The Mudcat Café TM
Thread #59599   Message #1051349
Posted By: Richard Bridge
10-Nov-03 - 07:59 PM
Thread Name: Obit: Jacqueline (Jacqui) Walker (11 May 2003)
Subject: RE: Obit: Jacqueline (Jacqui) Walker
I am reminded in two ways that six months have passed.

First I have only today read the Bruce Olson thread. It is remiss of me not previously to have acknowledged someone I read avidly, even if not always with agreement. But as a spinoff, anent knowledge, the debt that Bert Lloyd, in writing "the Idiot" owed to Jacqui and to her husband Barry is not as widely acknowledged as perhaps it should be.

Secondly, it was but Sunday past that Pete Hicks (Crayfolk, Skinner's Rats, Slattery, Dickie (Cisco) Bishop and the Sidekicks, Barber's Jazzband) a folk singer/musician, 12-string-player, and tenor banjo player (not always the same things) generally to be admired, reminded me that it was a long time since Jacqui died. That may be the way that clocks measure six months. But I am still collecting any stories and memories of her life that other folkies who knew her in the great soup of 60s London may be able to contribute. You did not forget her. A blonde with hair several feet long, and a size 6 although 5 foot 8". And a husband who played clawhammer from hell. But he played DIFFERENT J-45, at least in later years. One slightly awkward folk evening we were all three there and he had not got his guitar with him so played hers. Halfway through the intro he bent a string hard and it did not return true. He stopped, said "My Gibson wouldn't have done that", tweaked one string (it had to be the right one of course), and resumed. In the 60s he had a Levin Goliath, but it ended up floating down the Ganges.

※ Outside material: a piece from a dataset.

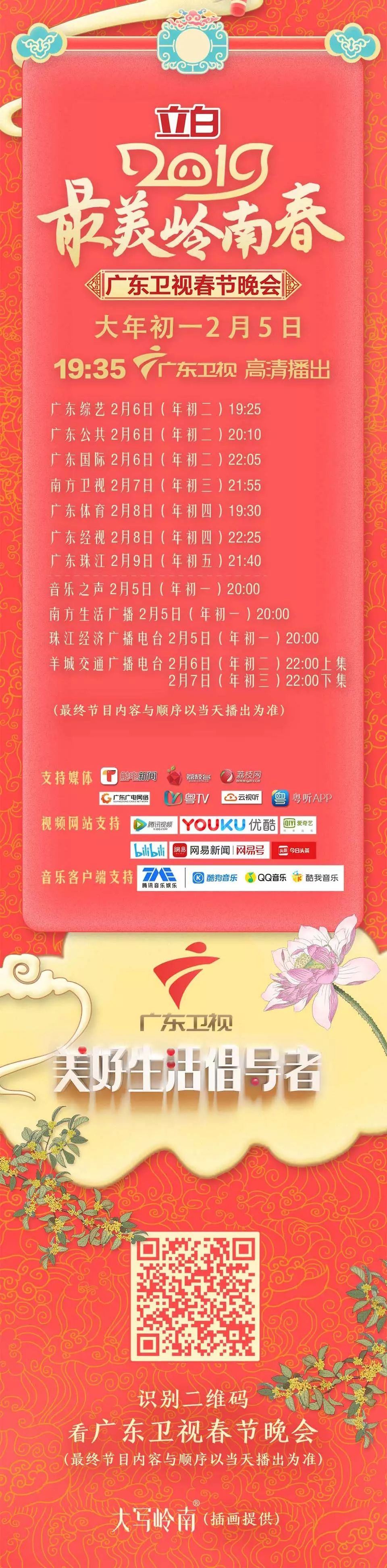 这场具有岭南风味的开年“喜”宴,将在触电新闻、荔枝台、荔枝网、腾讯视频、优酷、爱奇艺、哔哩哔哩、今日头条、广东iptv、云视听、广东有线电视、粤听等平台播出;同时会在触电新闻、网易新闻客户端、微博、秒拍、今日头条、西瓜视频、抖音、微视等短视频平台上线精彩集锦,全网跨屏联动,让更多海内外观众和网友,一同感受最美岭南春!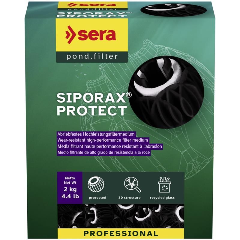 Abriebfestes Hochleistungsfiltermedium- abriebfestes, biologisches Hochleistungsfiltermedium- Protect Ball verbessert die Anströmung und optimiert die biologische Filterleistung- bietet nützlichen Filterbakterien eine maximale Siedlungsfläche- erhöht die Reinigungskapazität und Standzeit des Filters- anwendbar in Druck-, Durchlauffiltern und Moving Bed FilternDer Abbau von Fischausscheidungen und organischen Abfällen im Ökosystem Gartenteich ist von großer Bedeutung. Fisch- und Koiteiche stehen hierbei besonders im Fokus, da der teilweise hohe Besatz zu einer starken Wasserbelastung führt.Im sogenannten Stickstoffkreislauf werden die Giftstoffe Ammoniak und Nitrit durch Reinigungsbakterien zum ungiftigen Pflanzennährstoff Nitrat verstoffwechselt. Voraussetzung für einen effizienten Stickstoffkreislauf ist eine ausreichend dimensionierte Ansiedlungsfläche für Reinigungsbakterien.In Filtern mit starker Durchströmung oder bewegten Filtermedien (Moving Bed Filter) sind die Herausforderungen an den Schutz vor mechanischer Zerstörung und Abrieb besonders hoch.Pond Siporax Protect ist eine gezielte Entwicklung zum Schutz des bewährten Pond Siporax Original. Damit sind dem beliebten Hochleistungsfiltermedium keine Grenzen mehr hinsichtlich seiner Verwendbarkeit gesetzt. Die robusten Protect Balls schützen die innenliegenden Pond Siporax Original Ringe vor Abrieb und Bruch; die strukturierte Oberfläche zur Ansiedlung von (de-)nitrifizierenden Filterbakterien bleibt erhalten.Durch die einzigartige Form und den Aufbau des äußeren Protect Balls wird die Anströmung verbessert und der Wasserdurchfluss optimiert, sodass der Siporax-Ring noch effektiver durchströmt wird.Die spezielle offenporige und dreidimensionale Tunnelstruktur des Pond Siporax Original bietet bei gleichem Filtervolumen eine um ein Vielfaches größere Siedlungsfläche verglichen mit anderen Filtermedien. Die miteinander verbundenen Poren aus recyceltem Sinterglas sorgen für eine permanente Wasserzirkulation innerhalb des Filtermaterials. Durch diese Art der biologischen Selbstreinigung wird die Standzeit des Filters bis zur nächsten Reinigung erheblich verlängert.Inverkehrbringer: sera GmbH, Borsigstr. 49, 52525 Heinsberg, Tel.: 02452/91260, E-Mail: info@sera.de

At the wake for Brixton Bert, a luthier who used to know her (she was standing by me at the time) came up to me and said of her Hagstrom (pegbridge j-45, 1963) "I knew a girl who had a guitar just like that once". I was then able to tell him to look over his shoulder and see her again. Take a bow Pete Chopyn (Crayfolk). He once made her a dulcimer, perhaps with an ulterior motive, which I am told was not gratified.

I now have her Hagstrom largely restored (thank you Brian Rodgers, recommended luthier if you are near Chatham, Kent), and I am slowly polishing off the wax reside that her 40 years of love for it, armed with wax furniture polish (despite, for 25 years, my objections) left.

I now have back from the luthiers the almost identical Hagstrom that I bought her on ebay for use as a spare, and then discovered was a wreck. Thank you Graham Noden, underneath Andy's, Denmark Street, London. Great job, great price. I shall play it myself in stead.

So far I have only one person who remembered seeing "the Chapmen" (unaccompanied, heavily researched, traditional harmony) - her main band in the 60's - live. I'd love to hear of more. But we should also remember the family members (no names no pack drill) who assert that her muse deprived them of the primacy that normative standard required.

So many songs she knew. So many I have yet to learn.

If you think this is self indulgent, tuff.